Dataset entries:

========================

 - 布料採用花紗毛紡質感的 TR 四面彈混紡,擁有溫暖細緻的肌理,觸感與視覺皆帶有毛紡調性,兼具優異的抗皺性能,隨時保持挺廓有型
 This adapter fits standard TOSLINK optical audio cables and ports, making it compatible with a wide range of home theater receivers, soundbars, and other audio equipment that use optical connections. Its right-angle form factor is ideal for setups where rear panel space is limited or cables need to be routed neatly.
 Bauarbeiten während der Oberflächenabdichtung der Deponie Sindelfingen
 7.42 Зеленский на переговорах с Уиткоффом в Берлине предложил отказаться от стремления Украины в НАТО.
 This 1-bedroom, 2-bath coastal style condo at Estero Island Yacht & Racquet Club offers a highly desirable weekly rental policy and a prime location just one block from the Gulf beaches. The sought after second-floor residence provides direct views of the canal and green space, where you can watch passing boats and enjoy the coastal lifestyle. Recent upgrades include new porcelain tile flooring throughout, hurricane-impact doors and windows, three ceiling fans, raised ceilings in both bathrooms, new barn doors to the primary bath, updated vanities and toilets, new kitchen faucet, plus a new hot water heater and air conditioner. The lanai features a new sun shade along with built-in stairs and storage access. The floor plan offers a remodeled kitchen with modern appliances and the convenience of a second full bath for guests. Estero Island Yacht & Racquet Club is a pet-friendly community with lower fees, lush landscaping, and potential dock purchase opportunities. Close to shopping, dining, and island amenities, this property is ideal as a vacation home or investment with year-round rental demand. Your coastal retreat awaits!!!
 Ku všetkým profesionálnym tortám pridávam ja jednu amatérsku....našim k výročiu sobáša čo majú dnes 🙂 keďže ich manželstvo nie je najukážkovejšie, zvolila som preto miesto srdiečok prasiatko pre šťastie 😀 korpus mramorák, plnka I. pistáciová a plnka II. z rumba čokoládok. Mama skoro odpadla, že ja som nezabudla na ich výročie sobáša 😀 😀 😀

========================

◆ **Exercise goal**
Check each line above for the word "ideal", and copy the lines where it appears.

◆ **Solution to this problem**
 This adapter fits standard TOSLINK optical audio cables and ports, making it compatible with a wide range of home theater receivers, soundbars, and other audio equipment that use optical connections. Its right-angle form factor is ideal for setups where rear panel space is limited or cables need to be routed neatly.
 This 1-bedroom, 2-bath coastal style condo at Estero Island Yacht & Racquet Club offers a highly desirable weekly rental policy and a prime location just one block from the Gulf beaches. The sought after second-floor residence provides direct views of the canal and green space, where you can watch passing boats and enjoy the coastal lifestyle. Recent upgrades include new porcelain tile flooring throughout, hurricane-impact doors and windows, three ceiling fans, raised ceilings in both bathrooms, new barn doors to the primary bath, updated vanities and toilets, new kitchen faucet, plus a new hot water heater and air conditioner. The lanai features a new sun shade along with built-in stairs and storage access. The floor plan offers a remodeled kitchen with modern appliances and the convenience of a second full bath for guests. Estero Island Yacht & Racquet Club is a pet-friendly community with lower fees, lush landscaping, and potential dock purchase opportunities. Close to shopping, dining, and island amenities, this property is ideal as a vacation home or investment with year-round rental demand. Your coastal retreat awaits!!!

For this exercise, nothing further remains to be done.